Once upon a time in my apartment, I sat down to write some fictional drivel. After using the adjective, “wispy,” for the third time, I got bored and put down my laptop, deciding to go back to my roots of pen and paper. I searched through my shelf-and-a-half of journals for an empty one, finally grabbing one at random, hoping to find an empty page.
The journal fell open to an entry from 2007: “Last night I had one of the most intense and spiritual dreams of my life that made my daily reality fall into the correct perspective of fleeting and my eternal reality come to the forefront. I saw clearer in my sleep than in most of my waking hours.”
Silence. Here I was, ready to jot down some truly amazing, creative, compelling, best-selling fiction, and I was confronted with this.

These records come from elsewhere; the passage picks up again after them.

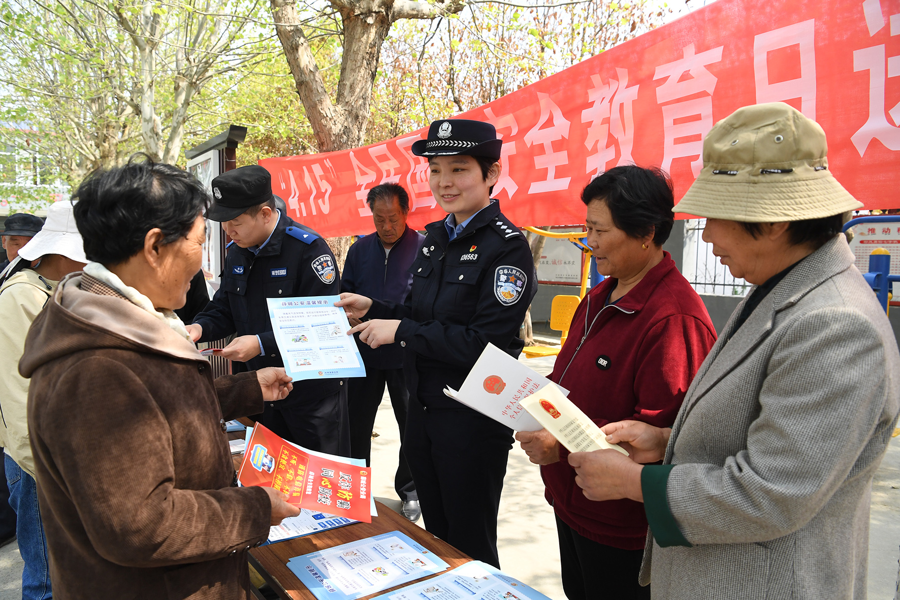 4月11日,山東省棗莊市公安局薛城分局鳳鳴湖派出所民輔警在轄區(qū)高樓社區(qū)全民國家安全教育日宣傳活動(dòng)。
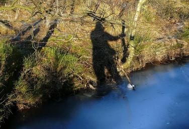 Keywords: moor lake pond waters water shadow human light hispanic shadow play person silhouette spirit ghost fig mystical shadow figure nature road branches frost cold frozen tree branch
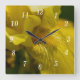 Wall clock featuring a close up of a beautiful yellow iris. The fuzzy looking part is called the beard.

A swell of intense emotion rose up inside me. Anger. I was angry with Stephanie from 2007. She had it so easy. Why wasn’t my current daily life as vibrant with eternal reality? Life was so complicated now.
I spent the next hour in prayer, talking to God in absolute transparency about areas of conviction, fear, and hopelessness, weaving a complex web of theories about the core of my issues and the equally long map toward freedom and wholeness.

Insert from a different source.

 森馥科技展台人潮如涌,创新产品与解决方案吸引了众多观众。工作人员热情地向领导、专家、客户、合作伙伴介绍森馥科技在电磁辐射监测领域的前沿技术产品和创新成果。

While I knew the Spirit was present, I said, “Amen,” feeling icky as I brushed my teeth and fell into bed, as if I’d left a coffee date with a friend knowing something was unsaid or a false light was cast on a particular issue. Something was off.
Morning came and I glanced through my curated list of deficiencies with prescribed pathways to success and hit the road, again feeling icky. I took a long swig of my coffee.
Woah, I’m really thirsty.
Another swig of coffee.
Bleck, I need good old fashioned water. There’s water in coffee; why isn’t this helping?
Suddenly, the foggy, unarticulated ickyness lifted. I was over-complicating something that was very simple. I was so smart I was stupid. I needed water.
My premise that life was complicated led me to believe the solution was equally complex. After all, I am much more mature than I was in 2007, right? If I was thirsty, water seemed far too simple for a woman as advanced as me. Olympic athletes drink a complex cocktail of electrolytes, minerals, vitamins and probably some other enhancements (Lance Armstrong, cough cough). Surely my spiritual thirst required the same. Right?
Wrong.
My deep thirst was from a lack of the basic, essential water of truth. Instead of prescribing myself with coffee or Gatorade or that nasty, rancid, mushroom tea (is it called kam-boom-boom-pow?), I needed to LOSE the additives of rhetoric and complex knowledge in favor of the deeper truth of Christ and him crucified.
Additives are easy to accept because they make water a little more tolerable. On a trip to Uganda, we encouraged the team to bring single packs of Crystal Lite and Propel so it could disguise the sometimes offensive but mostly boring taste of the local water. Similarly, the naked truth of the gospel can be hard to swallow, even for Christians.
See if any of these spiritual cocktails ring true for you:
Jesus is Lord (1 cup of water), but I’m his favorite so SOMETIMES it’s all about me (1 cup of corn syrup).
I’m a servant of God (1 cup of water), but this is my five-year season of receiving (1 cup of caffeine).
I’m called to take up my cross (1 cup of water), but Jesus suffered so I would never have to (1 cup of BPA, gluten, Chinese lead).
My flesh will ALWAYS try to grab control, glory, and focus away from Jesus, the Lord of glory, and make my faith about ME. This is why vigilance, urgency, and spiritual discipline are so important. At a deeper level, this is why humility is the requisite of Christianity: because in the end, going low, no matter how hydrated I am or bored I am of the taste of water or mature I think I am, will keep me alive. My flesh is still an enemy of my spirit. When revelations run out, it is usually because of a lack of remembrance.
I took communion with brothers and sisters on Sunday, thanking God for his kindness and foresight to remind me that the simple elements I need to be healthy are Jesus’ body broken and blood poured out. I am not so unique and my problems are not so complex that the water of the Word, the air of His Spirit, the food of His body, cannot cure what ails my soul.
My life-goal should not be to find the most delicious gospel+me cocktail possible, but to lay down my life for a perfect God. It is all about him. It’s so simple. It’s so essential. It’s water, and I’m very thirsty.